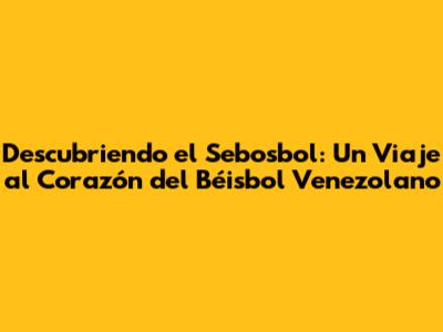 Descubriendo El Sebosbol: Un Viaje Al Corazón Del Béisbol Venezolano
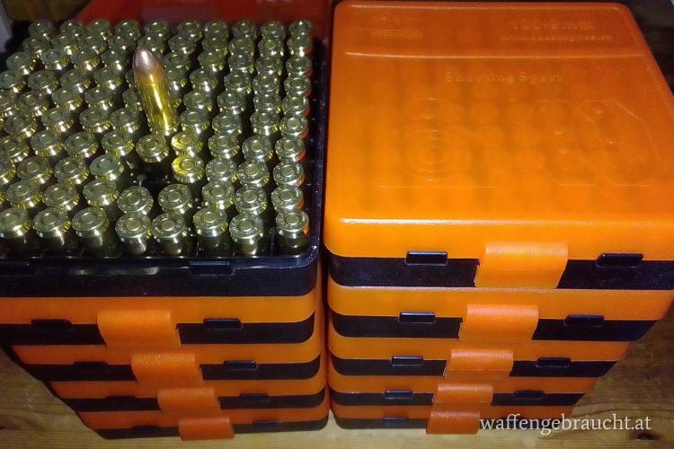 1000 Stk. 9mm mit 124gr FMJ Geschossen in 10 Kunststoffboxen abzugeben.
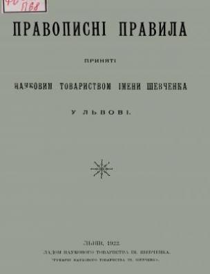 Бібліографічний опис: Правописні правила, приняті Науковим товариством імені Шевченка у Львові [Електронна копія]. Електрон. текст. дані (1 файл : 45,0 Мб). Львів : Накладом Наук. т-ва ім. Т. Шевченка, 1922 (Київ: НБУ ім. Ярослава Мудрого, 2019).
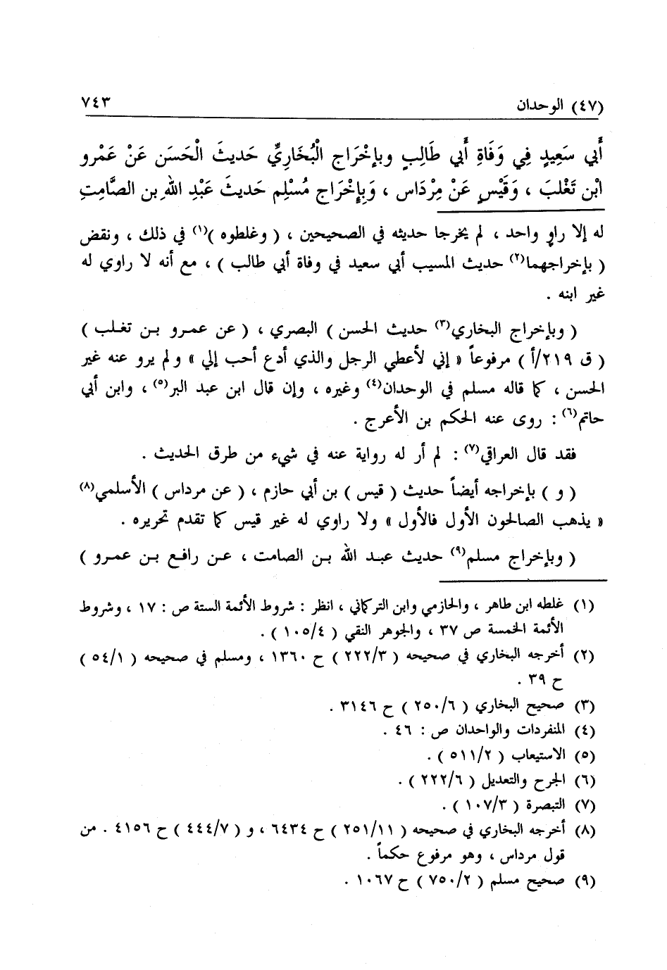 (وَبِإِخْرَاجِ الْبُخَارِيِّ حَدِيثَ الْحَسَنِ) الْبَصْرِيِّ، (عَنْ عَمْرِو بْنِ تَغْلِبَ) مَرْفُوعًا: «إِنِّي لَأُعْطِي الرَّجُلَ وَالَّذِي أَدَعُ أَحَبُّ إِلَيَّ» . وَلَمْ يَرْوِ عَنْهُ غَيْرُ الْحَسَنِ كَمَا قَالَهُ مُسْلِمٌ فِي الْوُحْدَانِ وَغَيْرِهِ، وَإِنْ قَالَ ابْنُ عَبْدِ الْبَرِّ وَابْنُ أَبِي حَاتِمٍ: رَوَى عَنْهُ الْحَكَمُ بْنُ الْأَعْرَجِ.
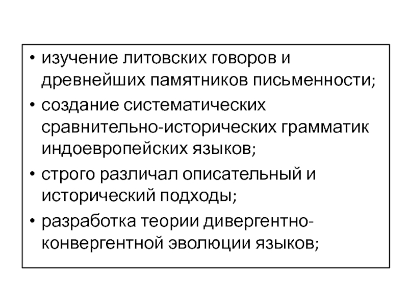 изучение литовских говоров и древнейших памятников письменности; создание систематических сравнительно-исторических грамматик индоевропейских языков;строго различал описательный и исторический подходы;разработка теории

==

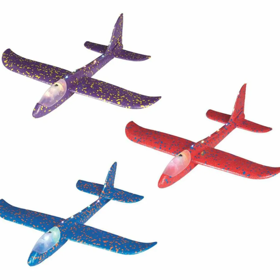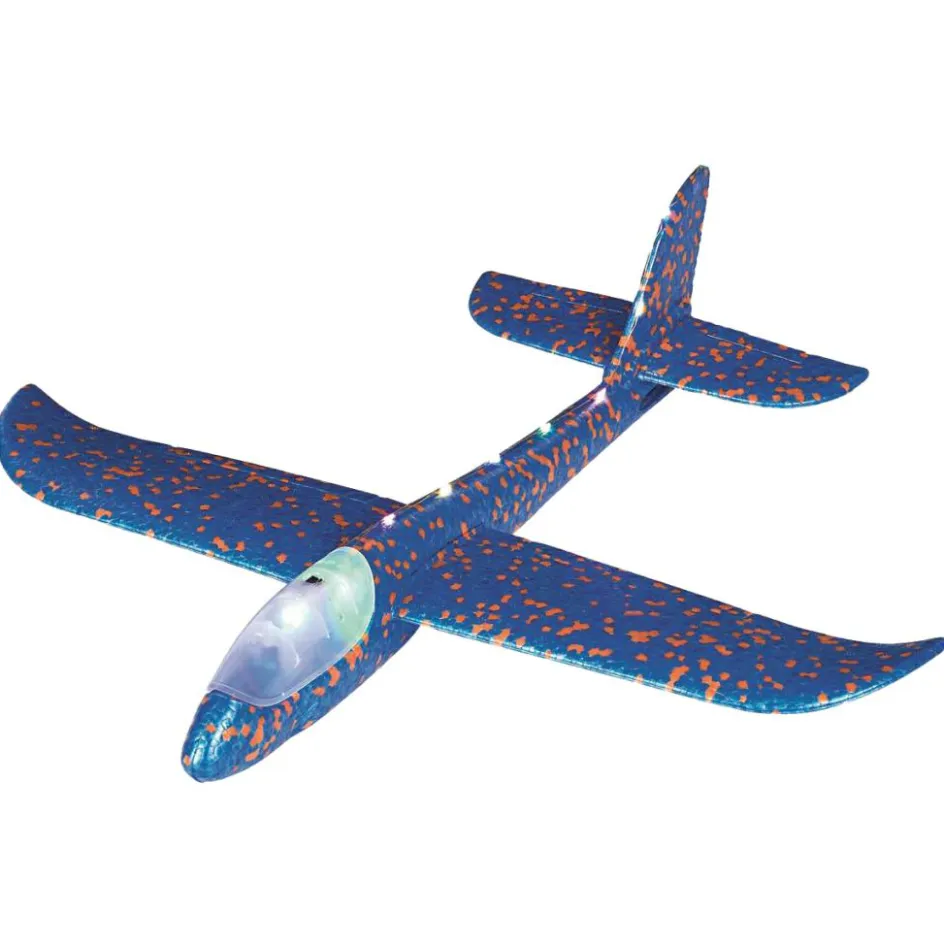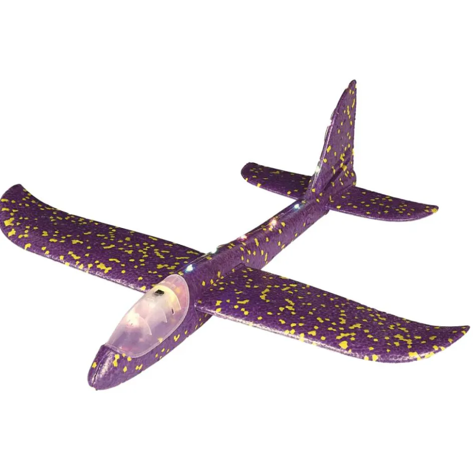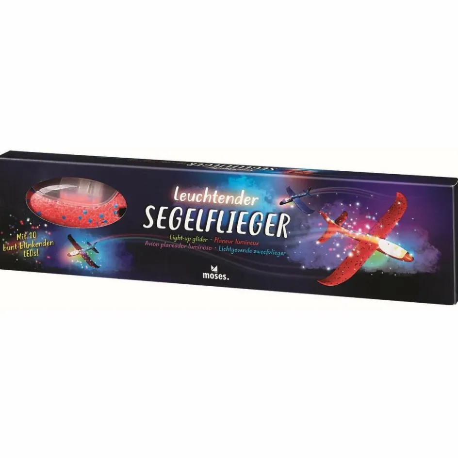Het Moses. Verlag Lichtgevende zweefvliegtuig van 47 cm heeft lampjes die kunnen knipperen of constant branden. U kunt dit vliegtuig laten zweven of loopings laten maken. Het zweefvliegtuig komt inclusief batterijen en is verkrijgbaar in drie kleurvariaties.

--

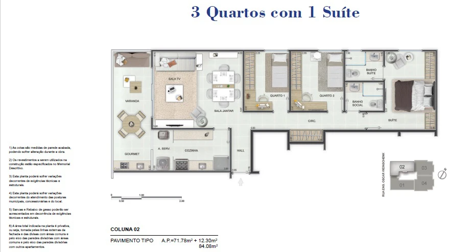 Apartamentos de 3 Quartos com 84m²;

- What the task asks
Nothing but the lines from the one with "1000 Stk. 9mm" up to and including the one with "изучение литовских говоров и" should be printed, exactly as they read above. Please keep the pictures out.

- Exercise solution
 1000 Stk. 9mm mit 124gr FMJ Geschossen in 10 Kunststoffboxen abzugeben.
 Бібліографічний опис: Правописні правила, приняті Науковим товариством імені Шевченка у Львові [Електронна копія]. Електрон. текст. дані (1 файл : 45,0 Мб). Львів : Накладом Наук. т-ва ім. Т. Шевченка, 1922 (Київ: НБУ ім. Ярослава Мудрого, 2019).
 (وَبِإِخْرَاجِ الْبُخَارِيِّ حَدِيثَ الْحَسَنِ) الْبَصْرِيِّ، (عَنْ عَمْرِو بْنِ تَغْلِبَ) مَرْفُوعًا: «إِنِّي لَأُعْطِي الرَّجُلَ وَالَّذِي أَدَعُ أَحَبُّ إِلَيَّ» . وَلَمْ يَرْوِ عَنْهُ غَيْرُ الْحَسَنِ كَمَا قَالَهُ مُسْلِمٌ فِي الْوُحْدَانِ وَغَيْرِهِ، وَإِنْ قَالَ ابْنُ عَبْدِ الْبَرِّ وَابْنُ أَبِي حَاتِمٍ: رَوَى عَنْهُ الْحَكَمُ بْنُ الْأَعْرَجِ.
 изучение литовских говоров и древнейших памятников письменности; создание систематических сравнительно-исторических грамматик индоевропейских языков;строго различал описательный и исторический подходы;разработка теории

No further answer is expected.